I want to make a serious point about the whole Seamus-on-the-car-roof story, and about why it's not something to just roll one's eyes about.

I bring this up in the context of some silliness going around today, launched by consistent nitwit Jim Treacher, who is given a regular space on the Daily Caller website, which is just one reason why you really don't need to visit that site very often -- another reason would be nonsense like the giant banner headline currently gracing its front page, blaring the news that Joe Kennedy III is calling for an end to cheap oil. (Regardless of the idiocy of the story itself, how does this merit top-story status on a national news site?)
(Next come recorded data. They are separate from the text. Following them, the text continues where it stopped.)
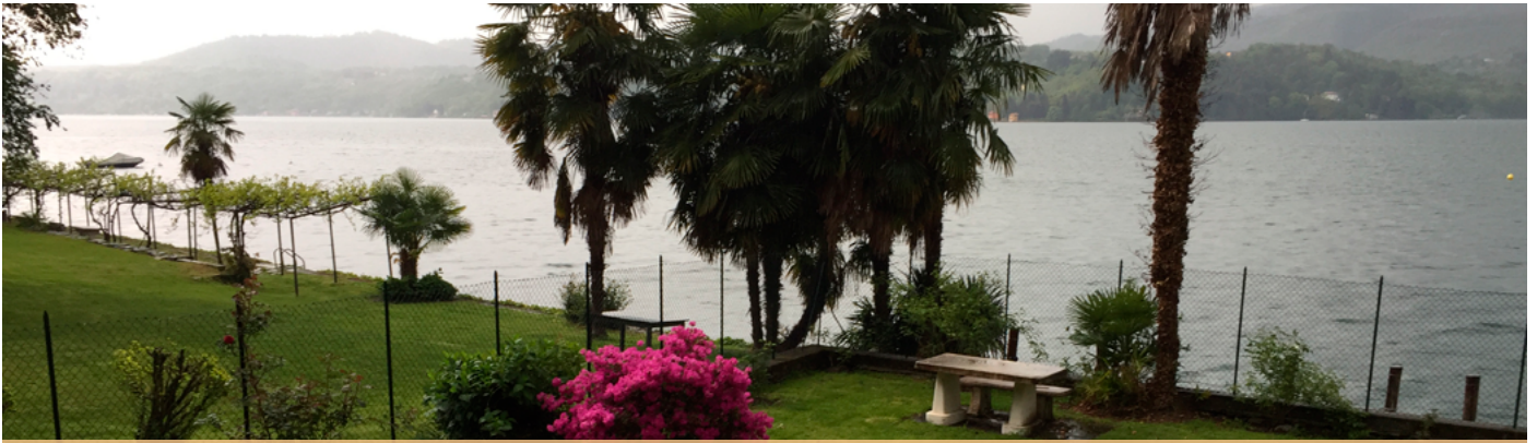
Orta Rustico · Lago d'Orta · Via Novara 6 · 28016, Orta San Giulio, Italy

You are travelling from Verbania via Omegna to Orta. Here, at the roundabout, you will see a hotel built in the style of a mosque-like palace with a minaret tower.
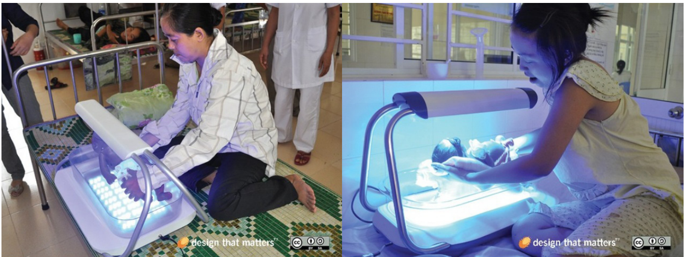
Left: A mother bumps the baby doll's head while lifting it out of the alpha prototype. Right: A mother safely and comfortably lifts her baby in and out of the final Firefly device with raised top light.

Result: We used a tape measure to simulate different light heights and had a variety of health care providers put the baby in and out until we had consensus on the right height. We adjusted the height of the top light higher in the final design.
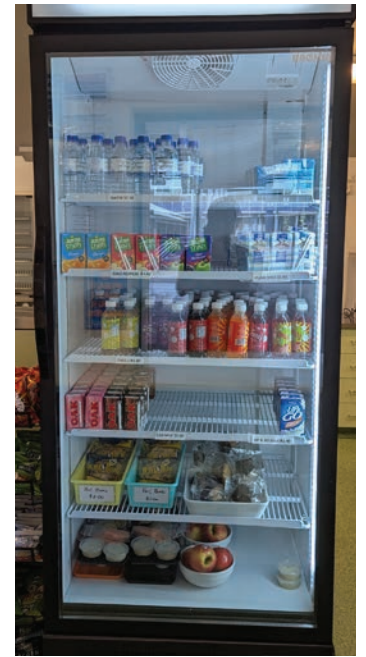
Eastwood Heights PS
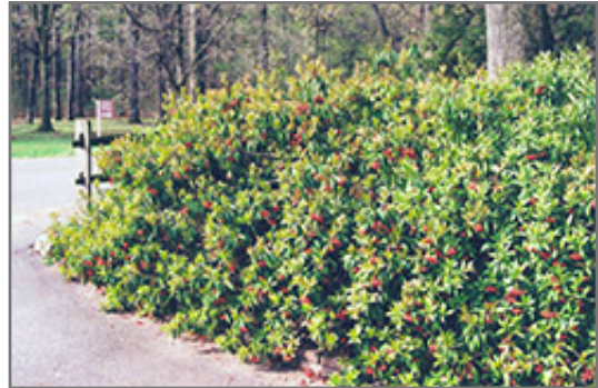
Wavy-leaved Chinese Stranvaesia fruit

Wavy-leaved Chinese Stranvaesia is recommended for the following landscape applications;
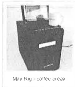
Mini Rig - coffee break
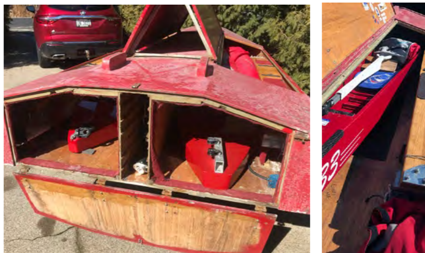
Joe Norton US781

Treacher yesterday pointed out that in Dreams from My Father, Barack Obama wrote that he was fed dog meat by his father in Indonesia. This is apparently some sort of rebuff to all the criticism of Mitt Romney over transporting his dog Seamus on the car roof. Treacher warns "libs" that "whenever you bring up the one, we’re going to bring up the other. It’s no fun when we push back, is it?"

This led to much fun and games on Twitter and elsewhere, much of it unserious -- that is, people who think the Seamus story is silly nonsense, having a little harmless fun with another silly nonsense story.
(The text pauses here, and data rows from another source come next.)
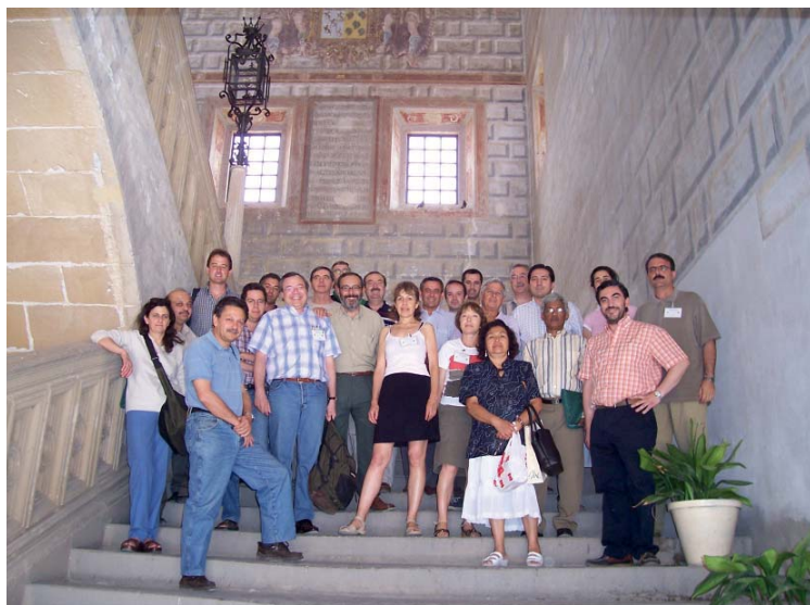
Group Picture, 2005 Hospital de Santiago, Úbeda
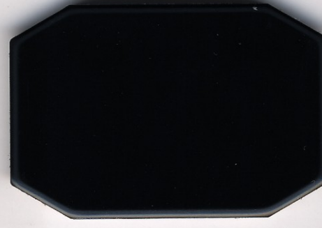
WFC 4114 黑色(black)
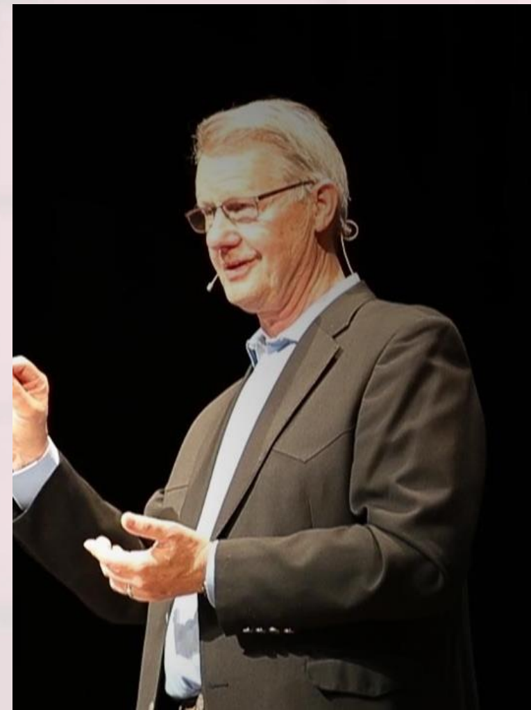
Ken Sande, The Peacemaker
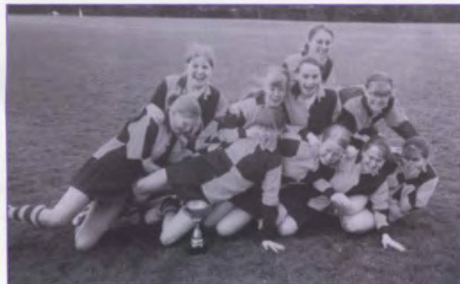
U15s Hockey Team finally collapses

St. Edward's Under12 A-Team has won both the Liverpool Under 12 League and the Liverpool Under 12 Championship. In the League, the A Team won with maximum points in all eleven matches. In the Championship, in difficult conditions, the A Team won four and drew two of their matches. The B Team also put in a good performance, not conceding a single goal.
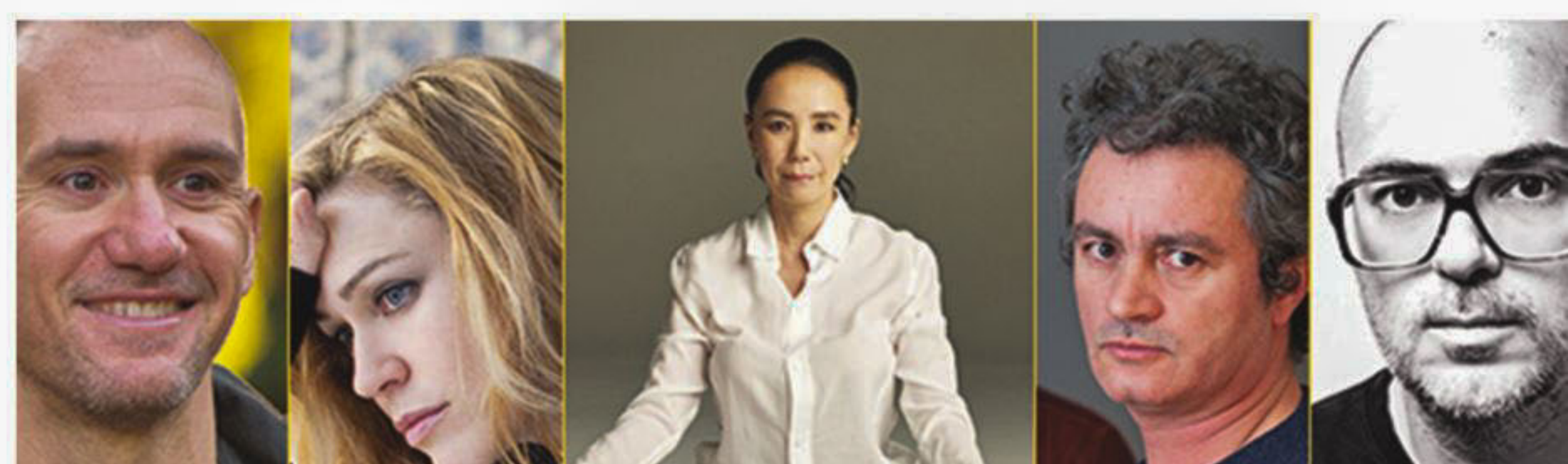
Jury for Short Films

Which is all good fun. But look, it's not just "libs" who bring up the Seamus story. Chris Wallace brought it up. Rick Santorum brought it up. And a lot of non-partisan ordinary people who happen to really love their dogs bring it up.

And people like David Axelrod don't bring it up just because they're "libs" -- they do it because they know it resonates with a lot of swing voters.
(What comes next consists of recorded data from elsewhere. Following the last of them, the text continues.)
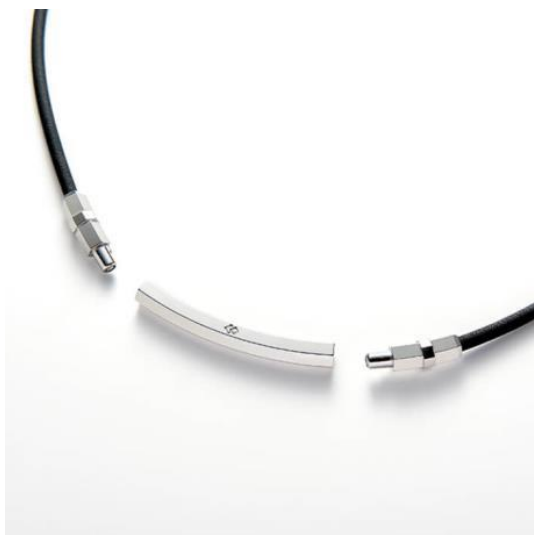
TAO Necklace Slim ARIE Joint Part
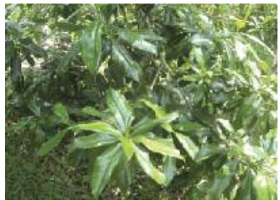
Warburgia – a medicinal tree valued in Africa.

Integrated conservation of tree species therefore includes both in situ and ex situ action, linked by restoration, reintroduction and collection, to support species survival. This process can be supported by research, horticulture and education that can ultimately increase the success of conservation efforts (Figure 1). Botanic gardens and related organizations can play a major role in integrated plant conservation throughout the world, and are uniquely positioned to be able to support such efforts (Havens et al. , 2006).
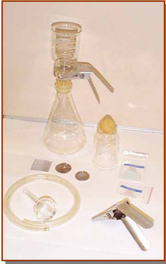
Figure 1. Vacuum filtration equipment.
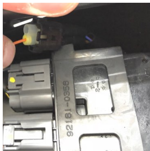
Connect loom to rear brake light connector for switch power.
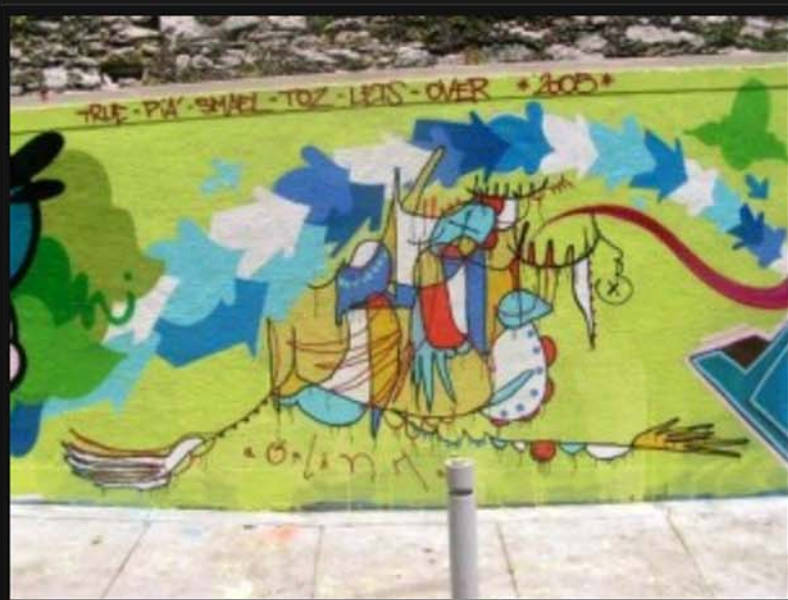
A Galinha (The Chicken), a collaborative street piece by Smael and other artists, 2005, photo by Smael Vagner.

street art and an upcoming clothing line.
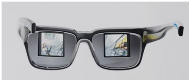
Figure 2 The vision enhancement technology by Innovega is made of display glasses and a smart lens that picks up the images and media from the eyewear display and projects it directly on the retina. Outer filters allow one to see the natural world simultaneously while preventing cross-talk between light paths. 3

hypogonadism, pituitary deficit and thyroid diseases. For such a solution to be implemented in elite sports, the WADA Prohibited List 6 would need to expand to include vision enhancement methods. In readiness for this development, the WADA Prohibited List Expert Advisory Group could conduct a feasibility study to include human enhancement technologies, not limited to vision enhancement. If prohibited either via WADA or the technical regulations of an IF, the physician who treats these athletes (eg, the ophthalmologist) will need to be aware of their specific role and responsibility in applying for a TUE or the equivalent alternative if provided by the IF and in adequately monitoring the use of the prohibited enhancement technologies.
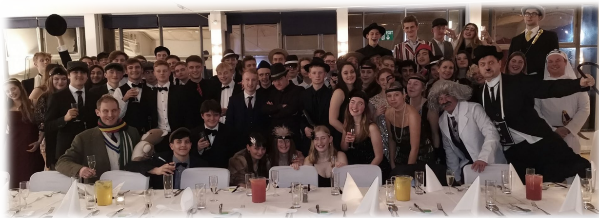
Sixth Form History Dinner, February 2020 (the food and costume of the 1920s)
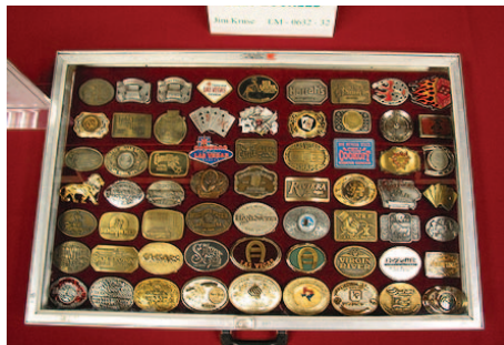
Jim Kruse's gamblers belt buckle display
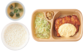
Fried Chicken with Tartar Sauce With rice and miso soup ¥ 1,150
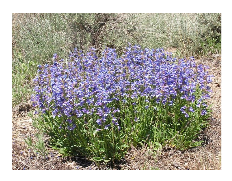
Penstemon virens, Converse Co.

Penstemon virens, Green Penstemon, is a perennial to 16 inches tall and somewhat mat forming. The leaves are to 2.5 inches long and rarely to 1 inch wide. The flowers are blue-purple, to .75 inch long, and scattered along the upper half of the stems. They appear from May to August depending on elevation. The plants occur naturally in rocky or gravelly places in the upper edge of the plains, the foothills, and mountains. They prefer full sun and dry, well drained soils. They can be grown from seed sown outdoors in the fall.
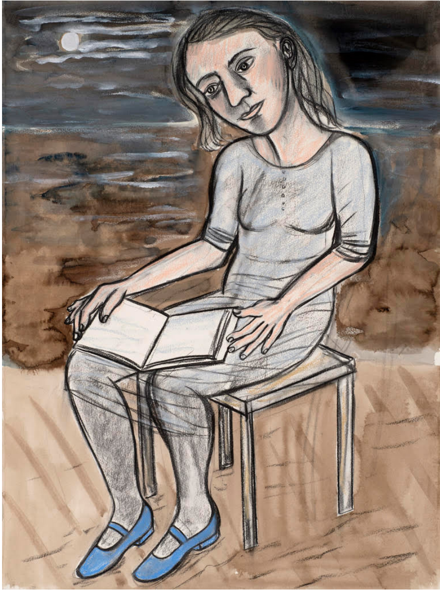
Learning , 2022. charcoal, pastel and gouache, 76 x 56 cm.
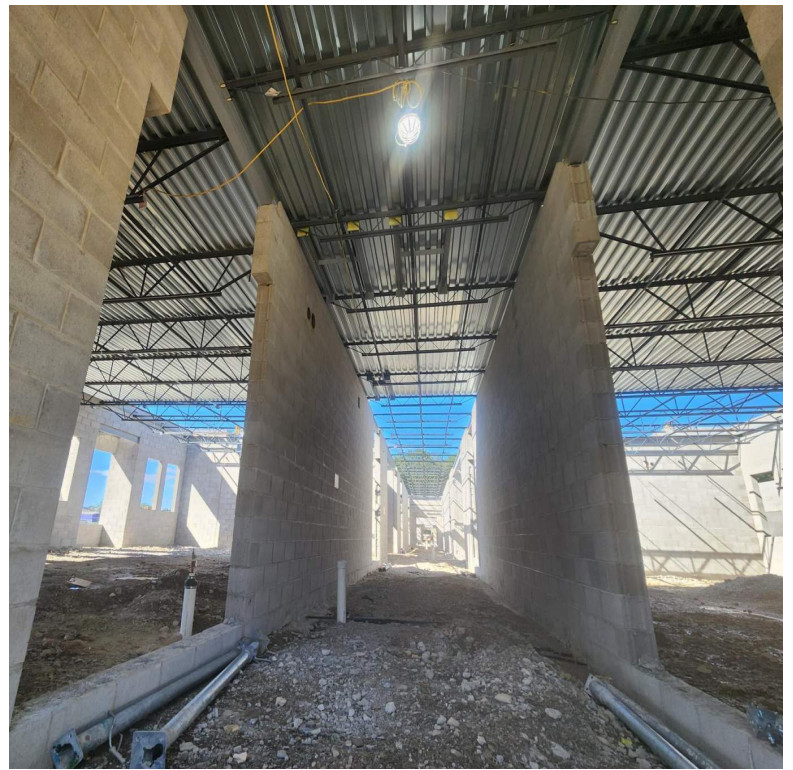
Joists, decking, and temporary lighting in hallway.

Listen to what Wallace said when he interviewed Romney; refering to his own family pet, Wallace said: "I would no sooner put him in a kennel on the roof of my car than I would one of my children."

Much of the punditry out there seem to think that's hyperbole; nobody literally equates a dog with a child in that way. This is where they are wrong. Wallace was quite serious, and a not-insignificant number of dog owners in this country feel the same way.

So, if you have laughed this Seamus thing off; if you have bemoaned the excessive retelling of the tale; if you have thought that Seamus is just part of the campaign "silly season"; imagine for a moment that the story was that Romney put the youngest child in that crate on the roof of the car for the 12-hour trip to Canada.

I'm not saying it's equivalent. I'm saying that for a not-insignificant portion of the American electorate, that's not very far off from their emotional reaction to this story.

In other words, to those people -- and there are a lot of them -- this is a real thing. Maybe not an insurmountable thing, for most of them, but a thing.

Which is why I've always thought it was a mistake for Romney to act like it's not a thing -- to guffaw when it's brought up, and to insist that the dog loved it, and so on.

Again, think how you'd react if it was about the youngest child in the crate.

For the bulk of people, who don't have that emotional reaction to this story, Romney's reaction is fine. And all this nonsense making light of it, and the silly Obama-eats-dog jokes, are all fine.

But those people's votes aren't going to be affected by the Seamus story one way or the other. The dog-lovers of the world, however, are only going to get more and more alienated and angry. Because -- whether you or I can empathize with their view or not -- these folks really, really don't think it's funny.